Террористическим лидерам была выгодна война с Россией; из этого неоспоримого факта правозащитники впоследствии сделали в корне неправильный вывод о том, что мир террористам невыгоден. Это было не так. Война была выгодна Масхадову и его окружению, однако мир сулил выгоды гораздо большие. Конечно, мир особый, мир на условиях террористов. Российские войска и спецслужбы в общем и Целом контролировали территорию Чечни, и было уже нельзя спокойно торговать людьми. Нельзя было заниматься контрабандой оружия, нефти и наркотиков в промышленных масштабах, нельзя было за плату предоставлять свои тренировочные лагеря зарубежным союзникам-террористам. Да что там иностранцев! — даже своих собственных боевиков было уже нельзя подготовить на должном уровне, потому что в условиях контртеррористической операции можно платить выросшим в условиях хаоса мальчишкам за установку примитивных фугасов, но нельзя подготовить из них высокопрофессиональных террористов, способных решать сложные задачи. Поэтому мир, подобный хасавюртовскому, мир с обязательным выводом российских войск и обязательной независимостью Чечни был для террористического руководства очень и очень выгоден. Этого мира стоило добиваться; ради него можно было пойти на многое.

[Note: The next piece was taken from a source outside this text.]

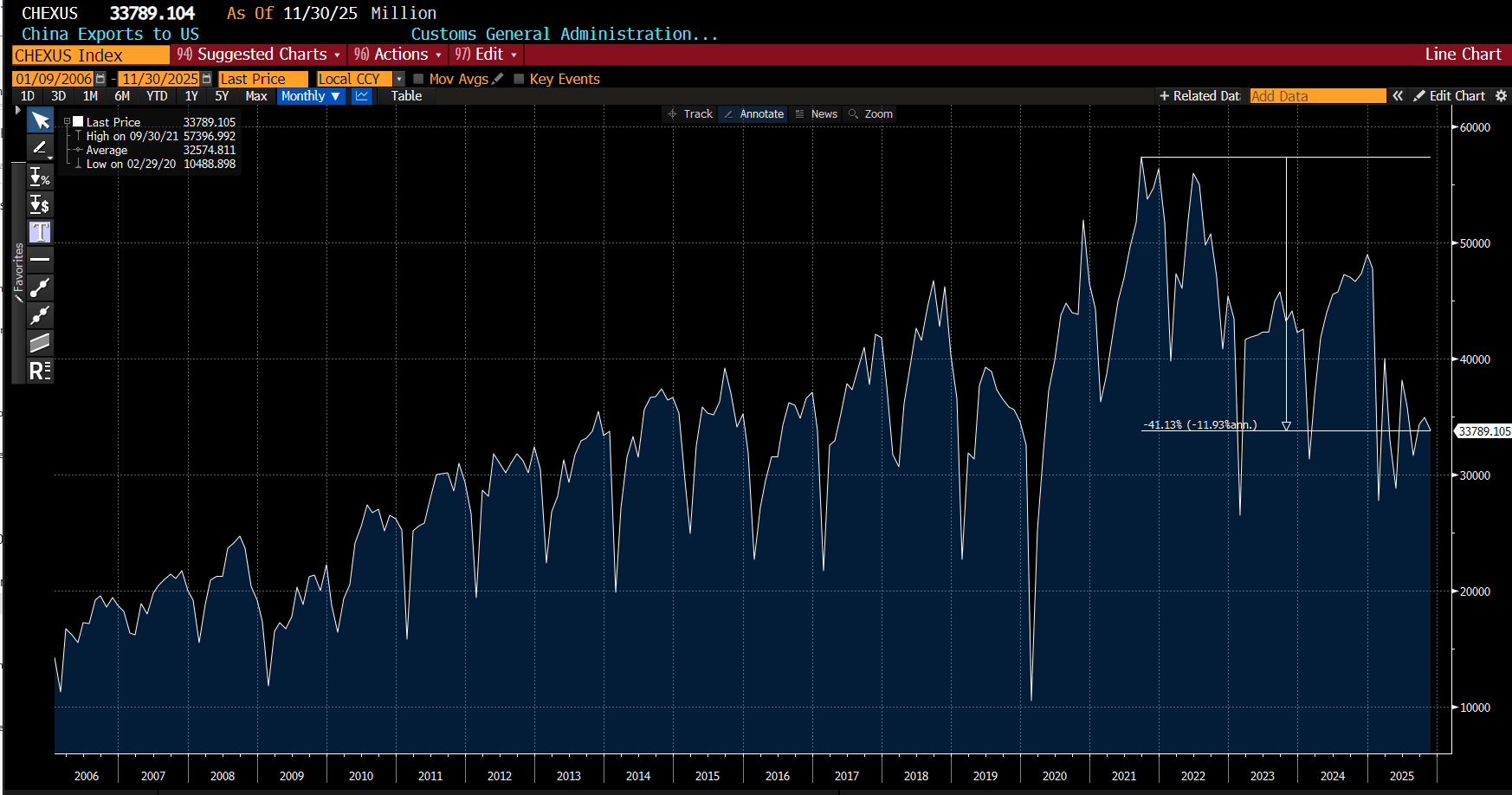 This is despite Chinese exports to the US falling but nearly a third. I suspect Team Trump assumed tariffs would give them leverage over the Chinese, but this has not proven to be the case.

Кроме того, российские власти худо-бедно, но налаживали нормальную жизнь в Чеченской Республике; для террористов, в конечном счете, это мирное урегулирование могло стать поистине катастрофическим, и потому его следовало предотвратить, навязав населению и российской власти свой мир, мир, означающий войну.
Существовал и еще один аспект, диктовавший террористам необходимость активных действий. Год назад, 11 сентября 2001 года исламская террористическая организация «Аль- Каида» осуществила нападение на Соединенные Штаты. После этого масштабного теракта больше никто не сомневался в решимости исламистских организаций продолжать борьбу. Исламисты защищают ценности своей цивилизации, своего мира; возможно, это не так, но сами они в это верят, и ожесточенно готовы защищать свои ценности. «Мир сейчас такой, каким сделали его другие, — заметил однажды аятолла Мухаммад Бакир аль-Садр. — У нас есть два выбора: либо подчиниться ему, что значит обречь ислам на смерть, либо разрушить его, чтобы мы смогли построить такой мир, как того требует ислам».[19]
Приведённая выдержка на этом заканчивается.